Only the lines from the beginning of the data through the one with "St. Ewaldt in Bodstedt" belong in the answer, each retyped exactly, with pictures left out.

• Dataset excerpt

* * * *

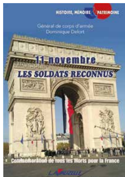
11 NOVEMBRE, LES SOLDATS RECONNUS, par le Général de Corps d'Armée Dominique DELORT, Éditions Lavauzelle

14 Boulevard des Pyrénées - 64000 PAU michel.croizet@free.fr
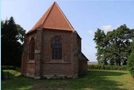
St. Ewaldt in Bodstedt

Angefangen hat alles vor vielen Jahren mit der Idee des St.-Jürgen-Weges von Barth über Kenz nach Starkow (oder umgekehrt). Dieser Weg führt von Norden gegangen vom heutigen niederdeutschen Bibelzentrum in Barth über einen Landweg zunächst nach Kenz zur ehemaligen Wallfahrtskirche St. Marien und der heute im Gesundbrunnen sprudelnden Heiligen Quelle. Weiter in Richtung Süden

* * * *

• Solution to this problem
11 NOVEMBRE, LES SOLDATS RECONNUS, par le Général de Corps d'Armée Dominique DELORT, Éditions Lavauzelle

14 Boulevard des Pyrénées - 64000 PAU michel.croizet@free.fr
St. Ewaldt in Bodstedt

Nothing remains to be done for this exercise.